**YOUR INSTRUCTIONS:**
Output only the lines of the entries that follow, starting at the one with "焊接机器人的作用焊缝跟踪器:焊缝跟踪器别" and running down to the one with "1girlbeltblack hairbutterfly hair", both included and unchanged.

**RECORDS FOR THE TASK:**
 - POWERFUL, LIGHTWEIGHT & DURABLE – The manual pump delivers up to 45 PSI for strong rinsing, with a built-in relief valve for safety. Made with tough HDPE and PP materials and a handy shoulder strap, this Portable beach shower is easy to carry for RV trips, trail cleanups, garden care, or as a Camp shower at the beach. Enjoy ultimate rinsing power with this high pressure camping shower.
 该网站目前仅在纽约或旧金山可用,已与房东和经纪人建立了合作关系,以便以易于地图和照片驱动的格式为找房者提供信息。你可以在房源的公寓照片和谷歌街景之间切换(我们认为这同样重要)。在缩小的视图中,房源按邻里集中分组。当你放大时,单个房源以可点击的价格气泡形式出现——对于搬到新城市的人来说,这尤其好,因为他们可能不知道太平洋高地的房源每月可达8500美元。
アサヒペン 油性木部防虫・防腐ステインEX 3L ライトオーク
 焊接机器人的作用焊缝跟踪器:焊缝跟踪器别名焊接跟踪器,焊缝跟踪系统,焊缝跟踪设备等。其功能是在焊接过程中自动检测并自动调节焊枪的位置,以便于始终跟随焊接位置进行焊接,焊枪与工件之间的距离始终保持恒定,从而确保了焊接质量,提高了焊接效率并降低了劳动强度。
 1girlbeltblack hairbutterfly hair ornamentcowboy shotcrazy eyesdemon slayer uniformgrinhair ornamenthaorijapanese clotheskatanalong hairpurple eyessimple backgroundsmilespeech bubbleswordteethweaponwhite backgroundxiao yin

---

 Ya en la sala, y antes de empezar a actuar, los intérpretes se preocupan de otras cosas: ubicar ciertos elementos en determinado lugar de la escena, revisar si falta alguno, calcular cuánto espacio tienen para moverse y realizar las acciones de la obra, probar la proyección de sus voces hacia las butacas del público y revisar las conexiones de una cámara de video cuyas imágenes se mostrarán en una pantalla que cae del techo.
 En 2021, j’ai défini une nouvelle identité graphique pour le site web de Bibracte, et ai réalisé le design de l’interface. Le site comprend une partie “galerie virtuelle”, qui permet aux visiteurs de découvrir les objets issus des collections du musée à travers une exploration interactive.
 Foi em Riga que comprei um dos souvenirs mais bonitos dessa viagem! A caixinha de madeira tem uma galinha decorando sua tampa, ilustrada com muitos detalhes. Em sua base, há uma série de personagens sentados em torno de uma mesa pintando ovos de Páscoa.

--

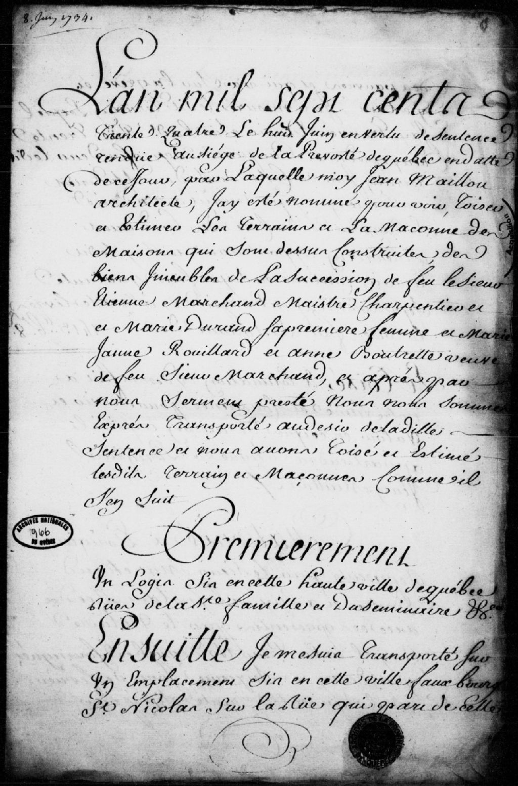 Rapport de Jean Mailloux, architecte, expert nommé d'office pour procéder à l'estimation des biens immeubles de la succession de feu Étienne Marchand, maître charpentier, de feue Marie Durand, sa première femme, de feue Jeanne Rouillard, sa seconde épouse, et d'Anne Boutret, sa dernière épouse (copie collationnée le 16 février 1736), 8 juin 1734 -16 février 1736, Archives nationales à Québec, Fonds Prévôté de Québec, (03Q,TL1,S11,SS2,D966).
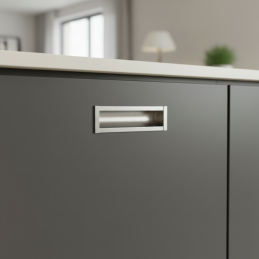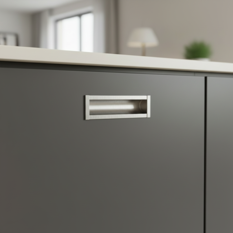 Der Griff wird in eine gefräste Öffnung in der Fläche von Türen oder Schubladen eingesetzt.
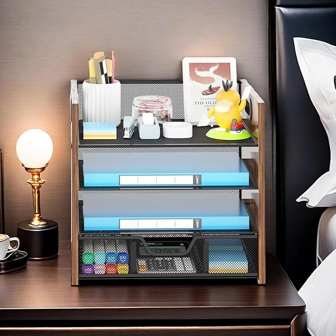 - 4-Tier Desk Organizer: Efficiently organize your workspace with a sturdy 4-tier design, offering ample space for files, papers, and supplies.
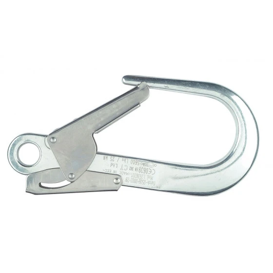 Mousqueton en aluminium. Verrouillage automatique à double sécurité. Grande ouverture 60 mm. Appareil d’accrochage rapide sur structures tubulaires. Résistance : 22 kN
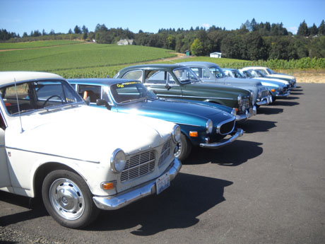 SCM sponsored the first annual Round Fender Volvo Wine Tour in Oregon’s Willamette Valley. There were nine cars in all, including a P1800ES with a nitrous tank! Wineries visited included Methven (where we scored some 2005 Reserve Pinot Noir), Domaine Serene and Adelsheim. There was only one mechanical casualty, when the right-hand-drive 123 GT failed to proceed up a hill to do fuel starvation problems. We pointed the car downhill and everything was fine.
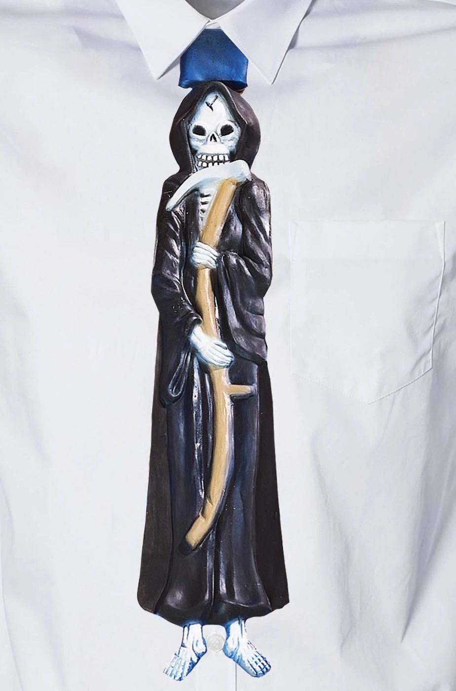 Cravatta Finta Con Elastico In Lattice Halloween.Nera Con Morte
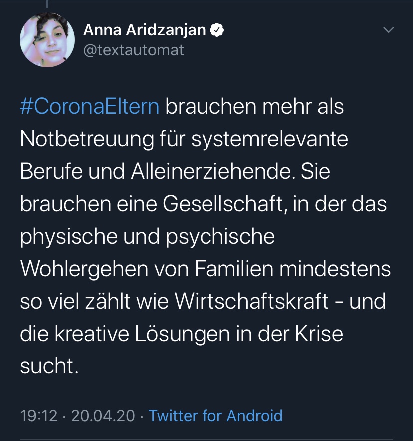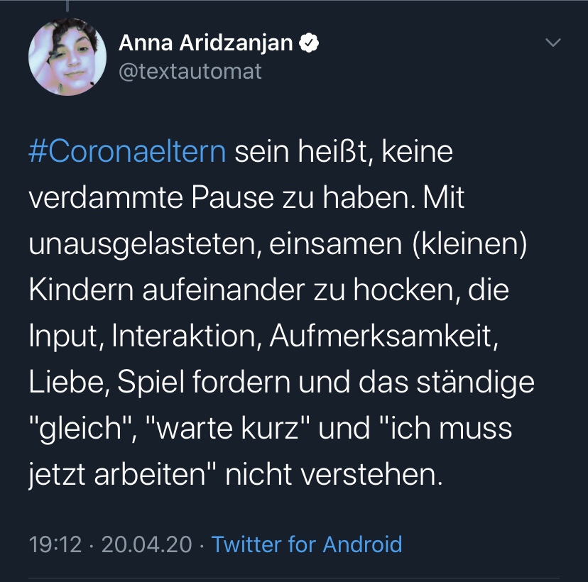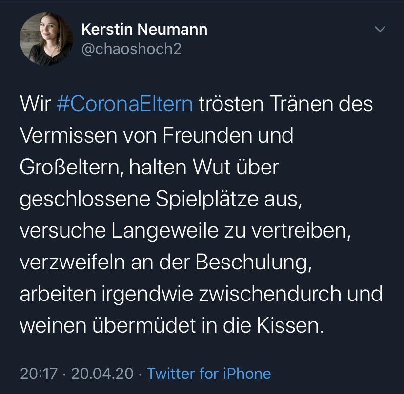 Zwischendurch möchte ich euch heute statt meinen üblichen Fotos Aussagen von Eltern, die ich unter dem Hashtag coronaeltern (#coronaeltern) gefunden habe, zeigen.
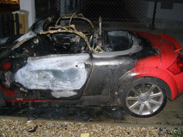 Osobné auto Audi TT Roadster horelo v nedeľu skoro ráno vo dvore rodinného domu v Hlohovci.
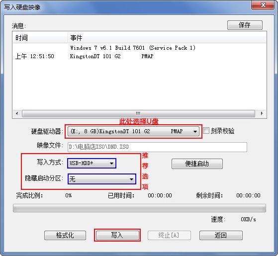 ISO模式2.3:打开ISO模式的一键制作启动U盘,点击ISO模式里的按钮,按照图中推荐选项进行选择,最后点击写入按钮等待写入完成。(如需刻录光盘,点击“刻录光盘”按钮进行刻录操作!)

**WORKED SOLUTION:**
 焊接机器人的作用焊缝跟踪器:焊缝跟踪器别名焊接跟踪器,焊缝跟踪系统,焊缝跟踪设备等。其功能是在焊接过程中自动检测并自动调节焊枪的位置,以便于始终跟随焊接位置进行焊接,焊枪与工件之间的距离始终保持恒定,从而确保了焊接质量,提高了焊接效率并降低了劳动强度。
 1girlbeltblack hairbutterfly hair ornamentcowboy shotcrazy eyesdemon slayer uniformgrinhair ornamenthaorijapanese clotheskatanalong hairpurple eyessimple backgroundsmilespeech bubbleswordteethweaponwhite backgroundxiao yin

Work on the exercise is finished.